The “heavy lifting” is done by the step
function, which does lock-step natural recursions on the list structure of original argument, and the inductive (Peano) structure of the index as a natural number, in effect, doing a “count-down” to find the result.
An alternative approach is to use the zip
function to create a list that embodies that countdown, and then to do a simple natural recursion on that list:
(!!) :: [a] -> Int -> a
xs !! n
| n < 0 = error "(!!): negative index"
| otherwise = search $ zip [n,n-1..] xs
where
search [] = error "(!!): index too large"
search ((0,a):_) = a
search (_:as) = search as
Exercise 4.3 Implement concat
by a naïve natural recursion, and via foldr
. Which implementation is used by GHC? (Hint: follow the source link from the haddock documentation for concat
.)
Recursive Algebraic Data Types
Consider the following recursive data structure, which is intended to describe a finite function from keys of type String
to values of type Int
:
data Bindings = None
| Bind String Int Bindings
Yes, there are other ways to do this, but let's stick with this representation.

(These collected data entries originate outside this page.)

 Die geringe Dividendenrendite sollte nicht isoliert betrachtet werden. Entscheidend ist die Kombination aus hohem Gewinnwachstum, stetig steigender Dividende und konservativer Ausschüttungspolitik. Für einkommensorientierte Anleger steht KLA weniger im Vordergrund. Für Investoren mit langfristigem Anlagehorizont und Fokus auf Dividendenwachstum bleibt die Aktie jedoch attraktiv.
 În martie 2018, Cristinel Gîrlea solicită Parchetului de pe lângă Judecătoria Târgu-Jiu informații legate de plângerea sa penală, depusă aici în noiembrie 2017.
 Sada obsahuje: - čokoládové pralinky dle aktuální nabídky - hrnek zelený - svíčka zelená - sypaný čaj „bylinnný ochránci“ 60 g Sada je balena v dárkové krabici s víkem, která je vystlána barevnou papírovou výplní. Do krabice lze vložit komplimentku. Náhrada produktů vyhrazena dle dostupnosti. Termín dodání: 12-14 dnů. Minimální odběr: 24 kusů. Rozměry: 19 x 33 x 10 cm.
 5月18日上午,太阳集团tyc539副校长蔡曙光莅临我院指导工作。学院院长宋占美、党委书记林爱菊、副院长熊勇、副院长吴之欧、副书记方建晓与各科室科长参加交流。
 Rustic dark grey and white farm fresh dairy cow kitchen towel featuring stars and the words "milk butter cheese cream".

To manipulate this data structure, we'll use two functions: bind
and lookup
. First, and most simply, let's consider lookup
:
lookup :: String -> Bindings -> Int
lookup _ None = error "value: key is not bound."
lookup key (Bind k v bs)
| k == key = v
| otherwise = lookup key bs
This is a classic natural recursion, in which the function calls itself on a constituent of it's argument (bs
), which has the same type, albeit only along the computational path where the immediate lookup (at the current binding) fails.
The setup function is a bit trickier. We can implement this naïvely via:
bind :: String -> Int -> Bindings -> Bindings
bind key value bs = Bind key value bs
or even $\eta$-reduce three times obtaining:
bind = Bind
This works, but if we build a Binding
that involves multiple bindings of the same key, we may find our lookup
function runs unnecessarily slowly. So we'll approach this somewhat differently, looking for a binding we can alter.

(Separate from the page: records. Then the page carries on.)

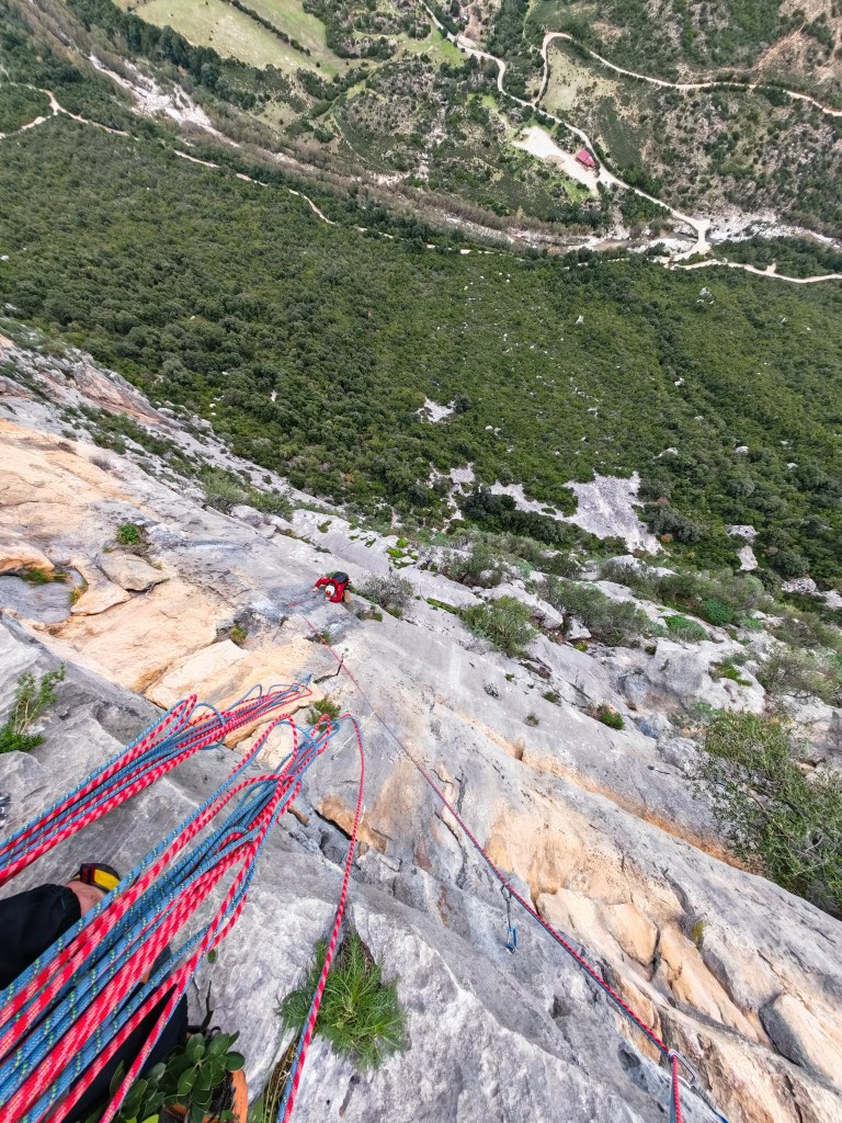 È possibile scendere in doppia dalla via sfruttando le soste munite di maglia rapida/anello di calata ma secondo me è più consigliabile una volta finita la via traversare mantenendo la quota verso la direzione opposta di provenienza fino a trovare un sentiero ben tracciato che conduce nuovamente alla sterrata e poi a ritroso alla macchina. Percorso simpatico e credo preferibile alle doppie dove l’incastro è sempre dietro l’angolo. Anche le tempistiche penso siano abbastanza paragonabili noi ci abbiamo messo 1h scendendo dal sentiero per ritornare alla macchina.
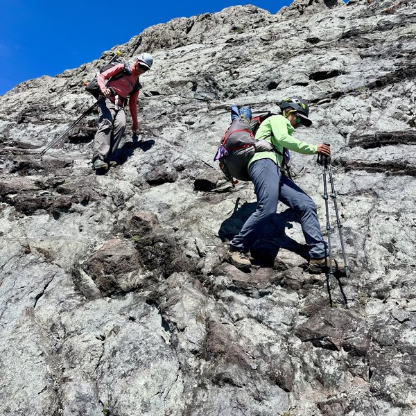 After our lunch break, we scouted out the traverse up and over Peak B. Even though Peak B wasn’t part of our original plan, it ended up being my favorite from a technical perspective. The rock was really grippy and solid for the Olympics, and we were able to practice finding tiny features on the rock to increase friction as we descended it.
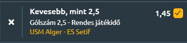 - Még mindig az egykori francia gyarmat, ahol alsóházi rangadó következik Algírban, az USM Alger az ES Sétifet fogadja. Itt a hazai csapat esélyesebb jóval, ezért a Sétif a döntetlen érdekében betolja majd a buszt a kapu elé! A hazai fölényt az egymás elleni mérleg is alátámasztja, hiszen az utóbbi öt meccsből hármat az USM Alger nyert meg. A legutóbbi találkozón idegenben 3–1-re győztek, és gólátlagban is felülmúlják riválisukat. A tabellán a 12. és a 13. helyen állnak, kiegyenlített pontszámmal, de visszafogott támadójátékkal. Az USM Alger legutóbb gól nélküli döntetlent játszott, és az utóbbi öt meccsén mindössze 0,8 gólt szerez átlagban, miközben ugyanennyit kap. Az ES Sétif legutóbb 1–0-ra kikapott, formája hullámzó, de támadásban sem kiemelkedő, egygólos átlaggal dolgozik. Underes gólos mérkőzés várható, mert mindkét csapat alacsony gólátlaggal rendelkezik, és nagy az esélye annak, hogy valamelyik fél gólképtelen marad.
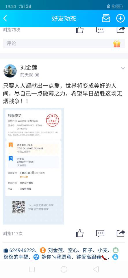 2020年2月13日,劉金蓮?fù)就ㄟ^微信轉(zhuǎn)賬的方式轉(zhuǎn)給甘肅省臨澤縣紅十字會捐款人民幣1000元,然后她又主動聯(lián)系當(dāng)?shù)丶t十字會工作人員要求擔(dān)當(dāng)志愿者,但是因為客觀原因未被批準(zhǔn)。

bind :: String -> Int -> Bindings -> Bindings
bind key value None = Bind key value None
bind key value (Bind k v bs)
| k == key = Bind key value bs
| otherwise = Bind k v (bind key value bs)

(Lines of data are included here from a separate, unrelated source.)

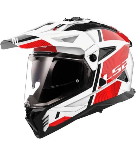 Casco Integrale On-Off Touring Ls2 MX702 Pioneer II Hill Bianco Rosso Lucido L
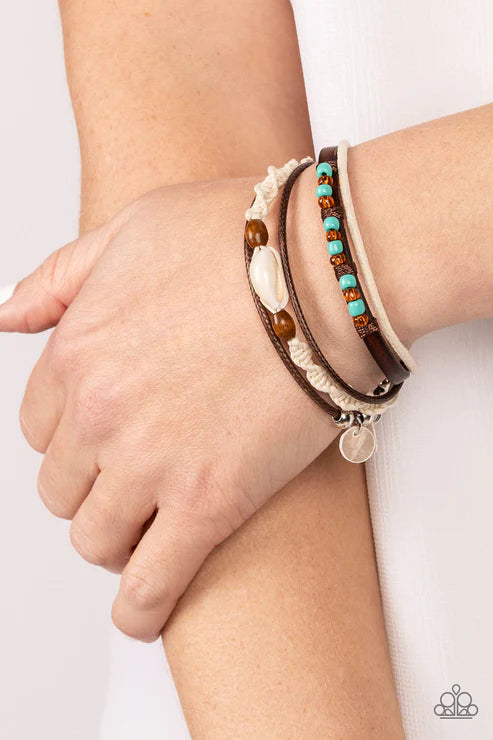 An assortment of colorful seed beads, white shells, and earthy wooden accents adorns mismatched strands of leather and colorful cording around the wrist for a summery vibe. Features an adjustable sliding knot closure.
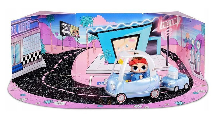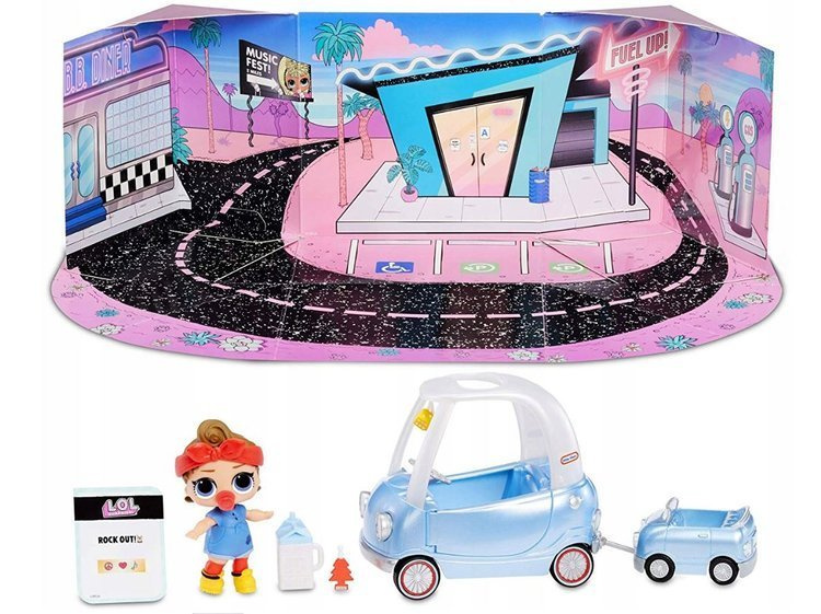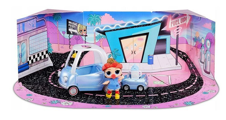 Pudełko w które zapakowana jest lalka z akcesoriami, pełni rolę “tła”, tło odpowiada tematyce lalki, może być to estrada, trasa samochodowa, lodziarnia czy garderoba!
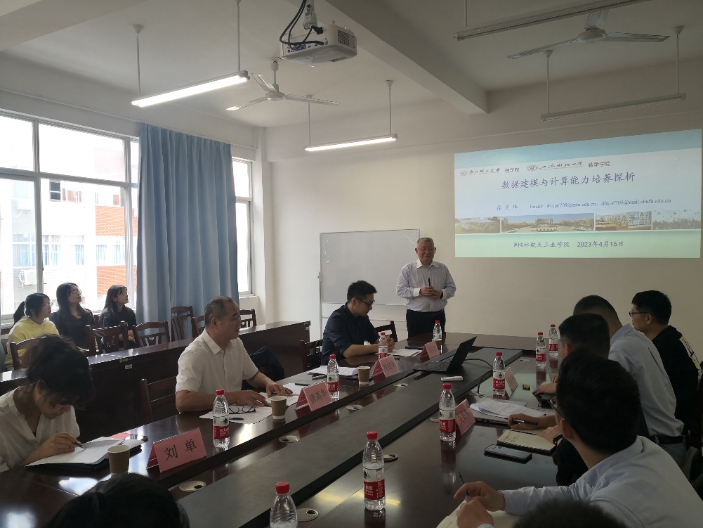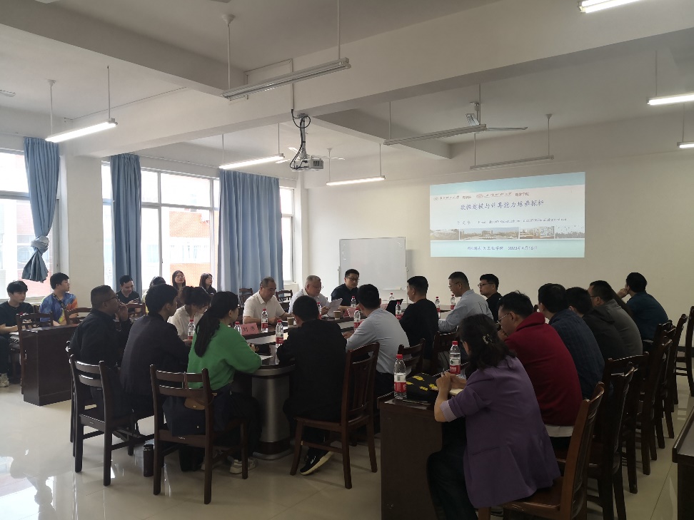 徐定华教授做了题为《数据建模与计算能力培养探析》的专题报告。徐教授从数据建模与计算能力、知识体系和课程体系、数据建模与计算能力培养之探索以及数据建模与计算案例分享四个方面全方位阐释了数据计算及应用专业的全流程培养方案和设计。同时,以专业互通发展为契机,联结数据科学与大数据技术专业的培养方案和设计,对我院大数据专业的人才培养目标定位、教学大纲的制定、实训条件建设方案以及学科交叉复合团队建设提出了宝贵的意见。刘可伋教授和刘单教授也对我院专业建设积极建言献策。

*Exercise 4.4 A simple approach to the problem of building a finite function from keys of type String
to values of type Int
is to compose lists and tuples:
type Bindings = [(String,Int)]
In effect, using the tuple to associate a key with a value, all contained in a recursive list structure.
Implement bind
and lookup
using this list representation. Note that there is a pre-existing version of lookup
defined in the Prelude
which will need to be hidden, which has a slightly different type associated with a different approach to handling missing-key errors.